Creating Commercial Imagery
Codewords for Logos
Logos tend to be simple, clean, with clearly-defined areas and a silhouette that you can easily identify. Most AIs, DALL-E included, will have trouble delivering the simplistic and clean imagery without being specifically prompted to simplify the imagery.The whole purpose of a logo is that it can be discerned from a distance and stay recognizable to all kinds of sizes. For that reason, logos don’t mix well with shading and complexity. The important thing to get your AI to do is get it to dull down that precise complexity.
Test the following cues: symmetrical, flat, isometric, sleek, simple, 2D, minimalistic, sleek, uncluttered, negative space, minimal color palette, clean lines, iconic, monochromatic, scalable, iconic, contrast, understated, memorable, stands out, clear hierarchy, geometric, restrained color palette, sharp shadows.
Codewords for Product Pictures
There is a certain protocol that we have with our product pictures, and it works. We want the product to be depicted clearly, in a flat light, on a neutral (in not white) background. These are very functional pictures and we don’t want them to be misleading. You will want the AI to accomplish three things: make a high-quality and detailed photograph, have a good light setup (preferably natural-looking noon light), the product at the front-and-center, and a background that doesn’t distract from the product.
Test the following cues: natural light, soft light, arrange the product in an aesthetically pleasing way, considering the rule of thirds and visual balance, clean background, {{color}} background, sharp focus, accurate colors, depth of field, angle {{type: eye level, close-up, high angle, low angle}}, macro, lifestyle, attention to scale.
Codewords for photorealism
A big part of an advertiser’s work is finding or creating beautiful background imagery that sets up the right mood. Businesses want to give their products context. Generally, smaller businesses will buy general-purpose imagery off of shutterstock or snap a few pictures at the office. AIs will get every mom and pop store a great chance too generate unique and stunning photographs that differentiate their business. To get good commercial background photography, prompt DALL-E to deliver two things: high level of quality and the sentiment of the photo.

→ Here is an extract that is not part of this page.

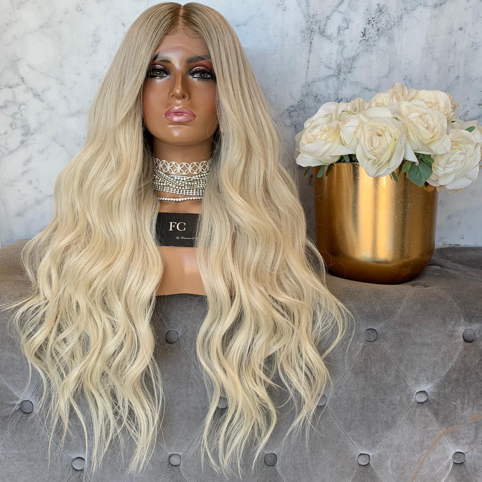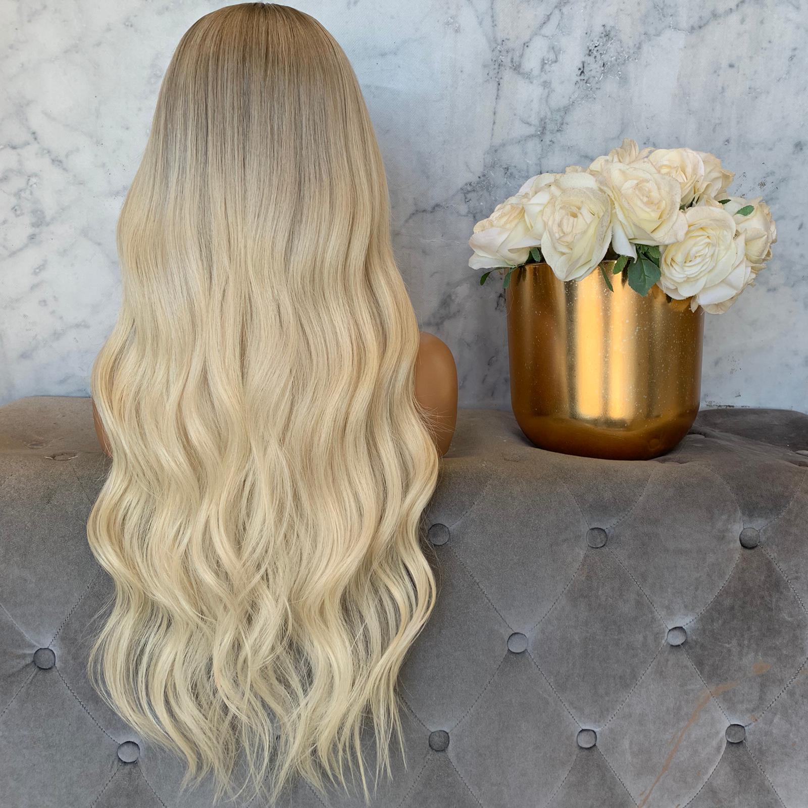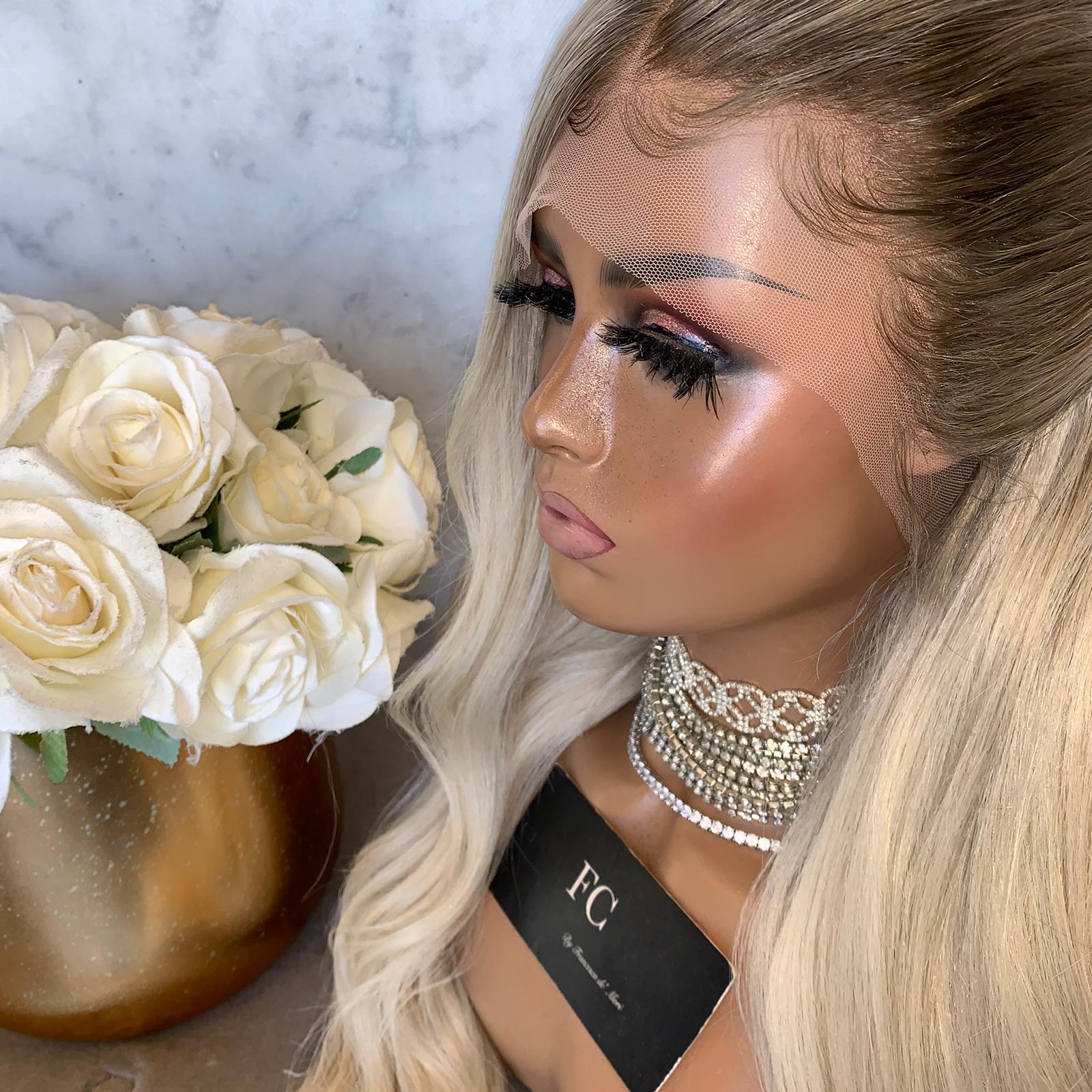 HER COLOUR: DARK ASH BLONDE ROOT STRETCH WITH CREAMY BLONDE ENDS AND FACE FRAMING HIGHLIGHTS

Test the following cues to set a mood: Blissful, optimistic, hopeful, cheery, lively, vibrant, upbeat, playful, festive, charming, serene, tranquil, peaceful, calm, harmonious, zen, refreshing, radiant, captivating, mesmerizing, animated, dynamic, radiant, effervescent, bubbly, charismatic
Test the following cues to get quality photographs: photorealistic, high quality, detailed, lifelike, authentic, natural, accurate, sharp, clear, crisp, precise, vivid, true-to-life, professional photograph, polished, expertly-captured, enhanced, dynamic shot, realistic textures, shadows and reflections, micro-details, convincing depth-of-field, realistic environmental context, convincing sense of scale.
In Closing
AIs of all types do a great job of understanding context. When I first generated an AI image, I took a break just to hold on to the feeling of awe. I can only be grateful that my first experience of generating an AI picture happened to not be an irrelevant abstract blob, as it sometimes happens.
When AIs fail, which they do, the results are absolutely hilarious. I think it’s a great reminder that beyond the mind-blowing sophistication, AIs are still machines with buttons that you need to push right. We are in the process of learning those buttons, throwing things at the AI to see what sticks. With the ever-evolving algorithm, recipes are a rough approximation of what might taste good. Enjoy it!